Als je ervoor kiest om mee te doen, dan moet je je houden aan de afspraken van het onderzoek. Soms mag je bijvoorbeeld niet eten. Of mag je bepaalde dingen niet eten. Misschien moet je op een vast uur een medicijn innemen. Of je moet een dagboekje bijhouden. Je moet ook meedoen aan controles en onderzoek.
Het is belangrijk dat je je aan die afspraken houdt.
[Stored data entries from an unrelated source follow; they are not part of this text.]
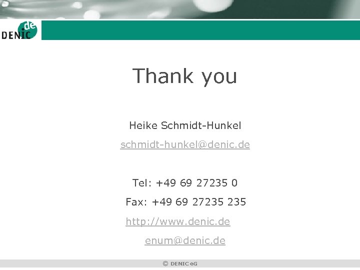 Thank you Heike Schmidt-Hunkel schmidt-hunkel@denic. de Tel: +49 69 27235 0 Fax: +49 69 27235 http: //www. denic. de enum@denic. de © DENIC e. G
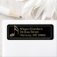 Goldverzierte sechzehnte Musiknote auf einem schwarzen Hintergrund mit einer einfachen goldenen Grenze. Ideal für Musikliebhaber.
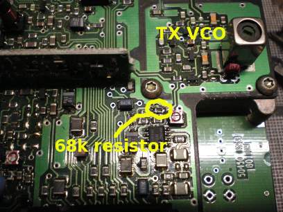 11. Adjust the deviation on the control board to 5khz. (photo 11). If you cannot get enough deviation you will need to change the 68k resistor near the modulation balance trimpot to 22k. Ref photo 12. Dion, VK7DB informs me that there is some caps in paralell on the Audio path to the TX VCO. If you remove the first one you come to it drops the capacitance from 33p to 15p and he got 11khz of deviation out of the radio. I will look into the circuit diagram and circle the appropriate cap. He also had to play with the modulation balance after removing this cap. I have also thought about adding another varicap diode to the existing varicap on the Audio path in the TX VCO. I have not played with this however.

Anders gebeurt het onderzoek niet goed. Dan zijn de resultaten niet meer betrouwbaar zijn. Houd je je niet aan de afspraken? Dan mag de onderzoeker beslissen dat je niet langer kunt meedoen.
Ook kinderen onder de 16 jaar kunnen deelnemen aan medisch-wetenschappelijk onderzoek. Medisch-wetenschappelijk onderzoek met kinderen mag alleen als het aan strengere regels voldoet dan bij volwassenen. Deze regels gaan bijvoorbeeld over de risico’s waaraan het kind als proefpersoon mag worden blootgesteld. Die risico’s mogen niet te groot zijn. Daarnaast gelden er aparte regels voor de toestemming.
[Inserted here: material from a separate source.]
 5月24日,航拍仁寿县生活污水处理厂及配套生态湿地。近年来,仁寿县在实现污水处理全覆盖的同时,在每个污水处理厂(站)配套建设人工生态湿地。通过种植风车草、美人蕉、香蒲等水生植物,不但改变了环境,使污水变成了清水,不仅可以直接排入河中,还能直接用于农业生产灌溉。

Kind & Onderzoek is een website voor kinderen en hun ouders. Je leest hier alles over het hoe, wat en waarom van onderzoek. Om te leren wat het is en zelf te besluiten of je mee wilt doen of niet.
Meer informatie over een aantal onderwerpen rondom medisch-wetenschappelijk onderzoek met proefpersonen.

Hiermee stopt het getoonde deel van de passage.